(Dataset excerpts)
....................
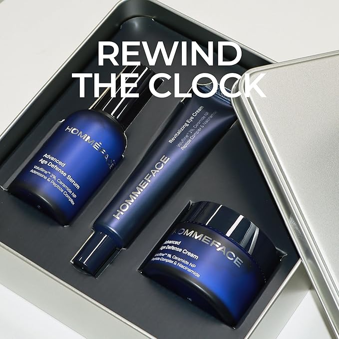 HOMMEFACE Men’s Advanced Age Defense 3-Piece Anti-Aging Skincare Set - Facial Serum, Eye Cream & Face Cream - Korean Skincare Technology with Volufiline, Ceramide, Hyaluronic Acid & Peptides
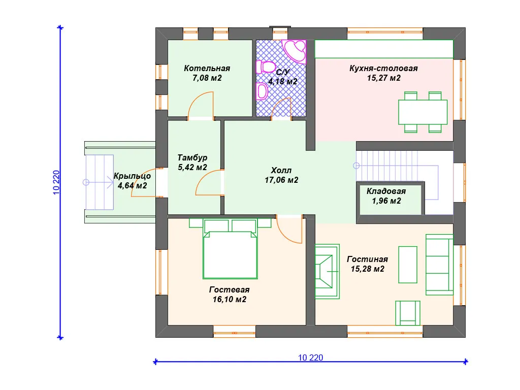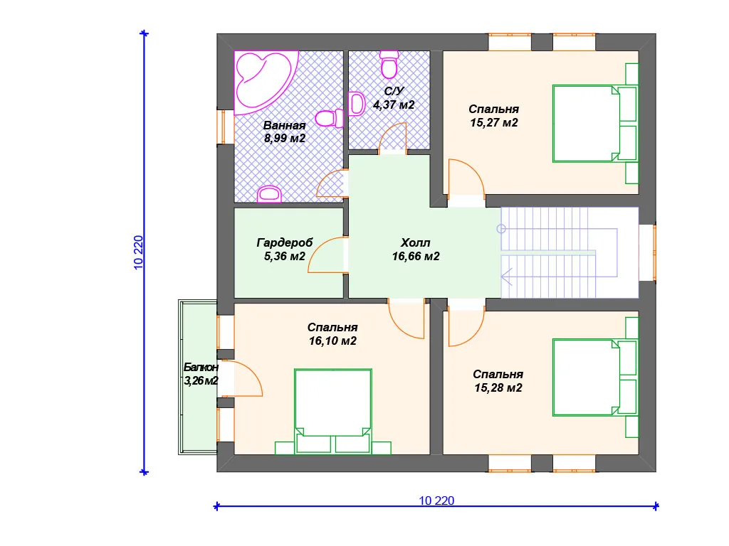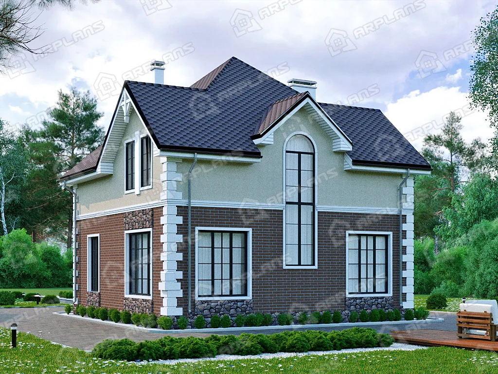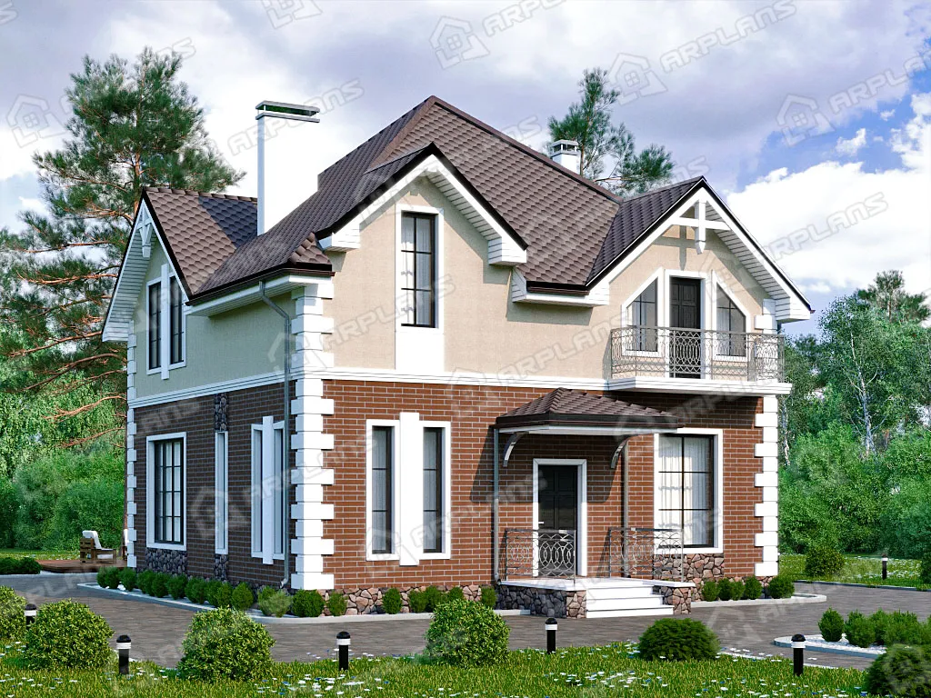 Проект каменного дома с мансардой и 3 спальнями S4-172 (К-222)
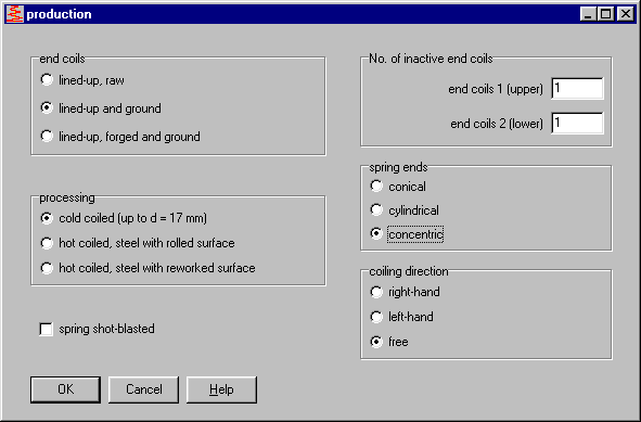 The end coils of a conical compression spring cannot be cylindrically flattened when the coils are to be flattened to wire strength (Lc=d). Even when these are flattened along the mantle line, the required effect is often not attained. Only axial flattening of the end coils (like a snail’s shell) doesn’t block the spring. The end coils are flattened on the outside at the greatest coil diameter, the end coils are flattened on the inside at the smallest coil diameter. This new feature has been added to FED5. Axial flattened end coils have no influence on the calculation of the spring forces and stress. However, the axial flattened end coils are taken into account when calculating wire length and weight of the spring. I would like to thank Mr Deeg of Stummp & Schüle, Beuren for pointing this out and lending us such a spring.
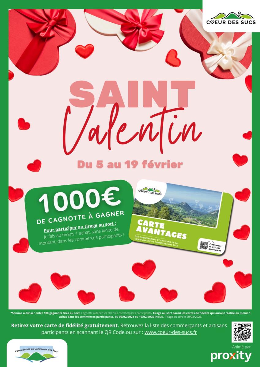 Tirage au sort st Valentin 25-01-29 Grâce à la carte avantage cœur des sucs, participez au tirage au sort de la St Valentin
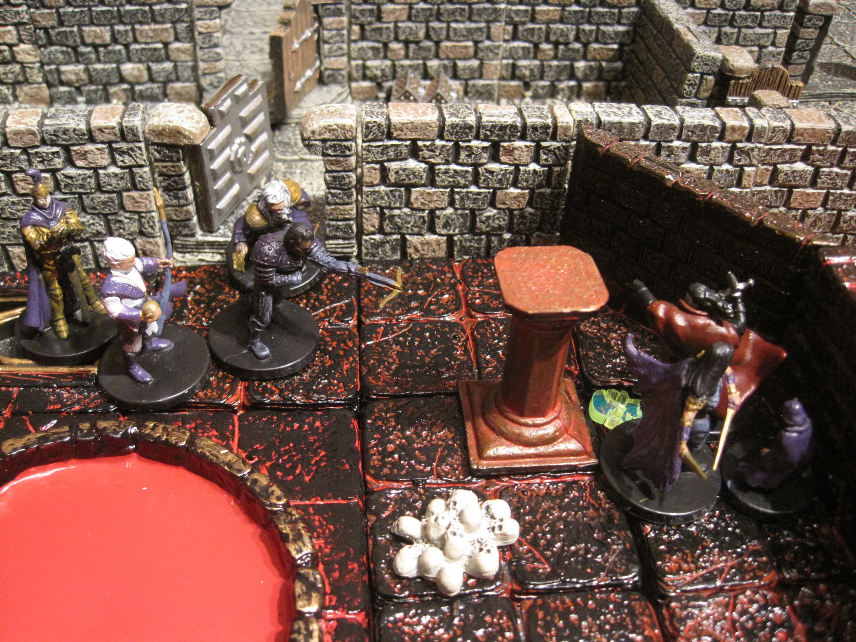 The heroes found an empty corridor with 3 doors and an empty store room. Advancing towards a heavy locked door the Earth Guardian managed to force it open and reveal the Temple of Blood! There was the Vampire with a Ghost and a skeleton archer. A tricky room with a pool, pillars, skulls and a broken grate plus the whole room counted as Vampire soil (which put the heroes at -1 combat). This latter was to prove highly deadly.
....................
Any pictures are to be skipped, and the lines from the beginning of the entries through the line with "Tirage au sort st" copied exactly.

**EXPECTED ANSWER**
 HOMMEFACE Men’s Advanced Age Defense 3-Piece Anti-Aging Skincare Set - Facial Serum, Eye Cream & Face Cream - Korean Skincare Technology with Volufiline, Ceramide, Hyaluronic Acid & Peptides
 Проект каменного дома с мансардой и 3 спальнями S4-172 (К-222)
 The end coils of a conical compression spring cannot be cylindrically flattened when the coils are to be flattened to wire strength (Lc=d). Even when these are flattened along the mantle line, the required effect is often not attained. Only axial flattening of the end coils (like a snail’s shell) doesn’t block the spring. The end coils are flattened on the outside at the greatest coil diameter, the end coils are flattened on the inside at the smallest coil diameter. This new feature has been added to FED5. Axial flattened end coils have no influence on the calculation of the spring forces and stress. However, the axial flattened end coils are taken into account when calculating wire length and weight of the spring. I would like to thank Mr Deeg of Stummp & Schüle, Beuren for pointing this out and lending us such a spring.
 Tirage au sort st Valentin 25-01-29 Grâce à la carte avantage cœur des sucs, participez au tirage au sort de la St Valentin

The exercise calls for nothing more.